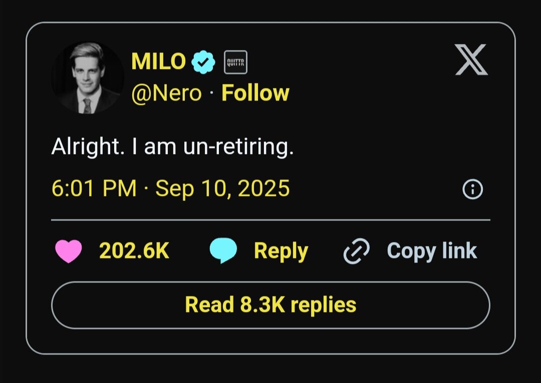 September 17, 2025Sep 17 21 hours ago, lynched1 said:This can't be good.Gasoline meet match.The following day, Yiannopoulos expanded on his intentions, writing, "I’d like to do a series of open-air events on US campuses this fall. Keen to hear from student groups and experienced promoters.” He also commented in the wake of Kirk’s death, "They killed the nice guy. Probably a tactical error.”Honestly, the fact that they call the guy who said the civil rights act is a mistake the 'nice guy' is a great example of how far this country has spiraled into the ground.I've said this before, I don't really have issues with conservatives in other countries of our wealth level, but I can't with American conservatives. While it's true that at this point American Liberals have joined them, American Conservatives haven't lived in reality for decades, because there's always something telling them that liberals are the devil (thanks, Fox News). Frankly, you can put the downfall of this country pretty much at the feet of the whole 'own the libs' origin situation where discourse was abandoned for rage bait. Since that started, discourse basically was flung into the sun and replaced with bad faith. Practically everything since then has been an escalation or counter-escalation. At that point people just said 'tough cookie, deal with it' which is fair, but unfortunately no political side in America is mature enough to leave it at that. Places outside of the country are, but not here.Toxic individualism is a great description of what's happening in this country. People can't handle being wrong due to fragile self-esteem, so they ignore evidence, seek to anger people who show why their views might be incorrect, and take out their frustrations on others. This is who we are as a country.
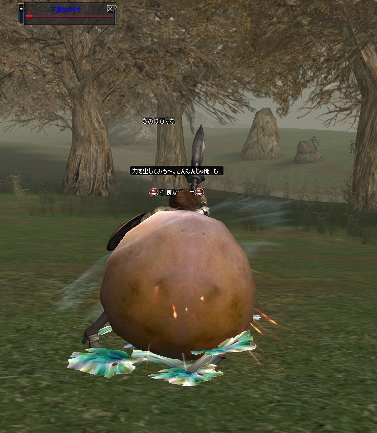 Lv19になっても何ら変化はなく、3~4匹斬っては休憩の繰り返し。ネクター、Lv20以下ではあまり出ないような噂ですが、ぽろぽろとは出ます。小さいのを2個割ってみました。
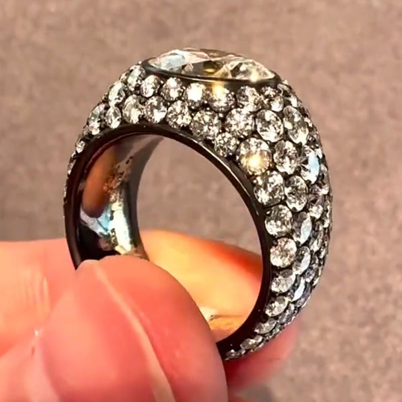 Clustered with sparkling sapphires, this ring is a symbol of luxury and glamour, with every flash of light, it speaks of a unique fashion attitude.
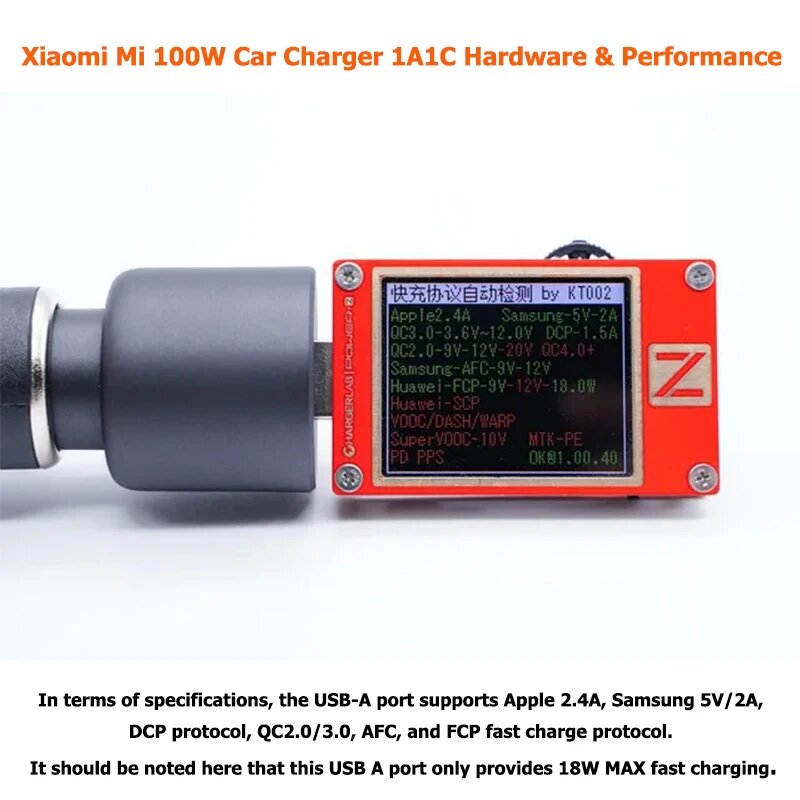 Xiaomi 120W Car Charger использует многоуровневую систему контроля параметров. Настраиваемая мощность 120/100/67W распределяется через USB Power Delivery 3.0 со следующими характеристиками:
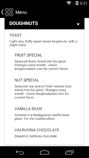 The official Doughnut Plant loyalty app! We make doughnuts by hand with the highest quality, all natural ingredients. Our new app lets you pay securely with your phone and earn rewards along the way. You can also browse our current menu and find our nearest locations. Celebrating 20 years! 1994-2014.
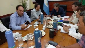En reunión de la Mesa de la Función Pública estuvieron presentes el Ministro de Economía, Luis Vaisberg; y su par de Gobierno y Comunidad, Rodrigo Buteler; y la Secretaria de la Función Pública, Liliana Arriaga, junto a los representantes de ATE, Rodrigo Vicente; y de UPCN, Luis Rosas.
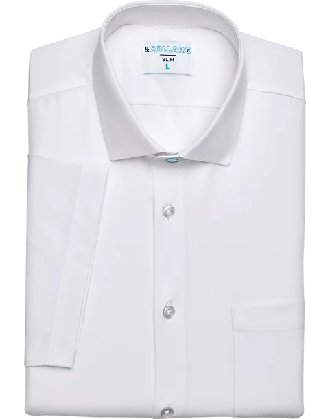 &Collar Pacific Slim Fit Stain-Resistant Short Sleeve Dress Shirt, White
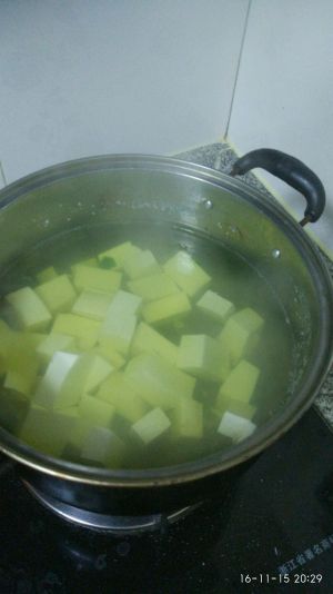 打一锅水烧开,撒两勺盐,将豆腐放进去煮熟后捞出来。放到将要陈鱼的大盆里。在将豆芽放到锅里煮熟捞出来铺到豆腐上。
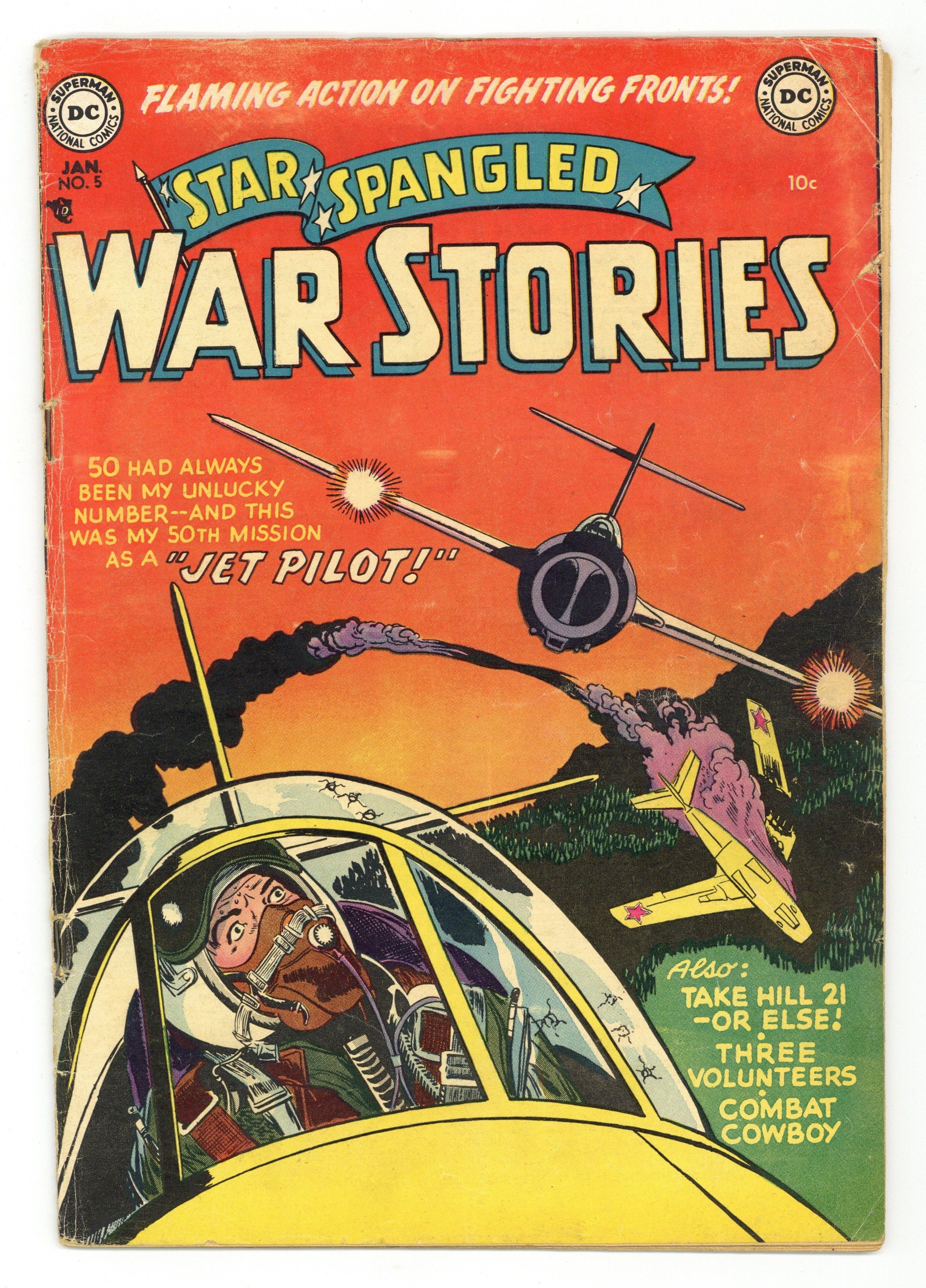 Cover art by Leonard Starr. Jet Pilot, art by Leonard Starr. Take Hill 21--Or Else, pencils by Curt Swan, inks by Stan Kaye. Combat Cowboy, pencils by Jerry Grandenetti, inks by Ray Burnley. Three Volunteers humor story, pencils by Curt Swan, inks by Stan Kaye. Capt. Jason Mallory text story by Jack Miller. 36 Pages, Full Color. Cover price $0.10.

_ _ _ _ _

_WORK TASK_
Look above for the line with "The official Doughnut" and the line with "打一锅水烧开,撒两勺盐,将豆", then copy exactly the lines from the first through the second, both kept, with no pictures.

_SOLUTION_
 The official Doughnut Plant loyalty app! We make doughnuts by hand with the highest quality, all natural ingredients. Our new app lets you pay securely with your phone and earn rewards along the way. You can also browse our current menu and find our nearest locations. Celebrating 20 years! 1994-2014.
En reunión de la Mesa de la Función Pública estuvieron presentes el Ministro de Economía, Luis Vaisberg; y su par de Gobierno y Comunidad, Rodrigo Buteler; y la Secretaria de la Función Pública, Liliana Arriaga, junto a los representantes de ATE, Rodrigo Vicente; y de UPCN, Luis Rosas.
 &Collar Pacific Slim Fit Stain-Resistant Short Sleeve Dress Shirt, White
 打一锅水烧开,撒两勺盐,将豆腐放进去煮熟后捞出来。放到将要陈鱼的大盆里。在将豆芽放到锅里煮熟捞出来铺到豆腐上。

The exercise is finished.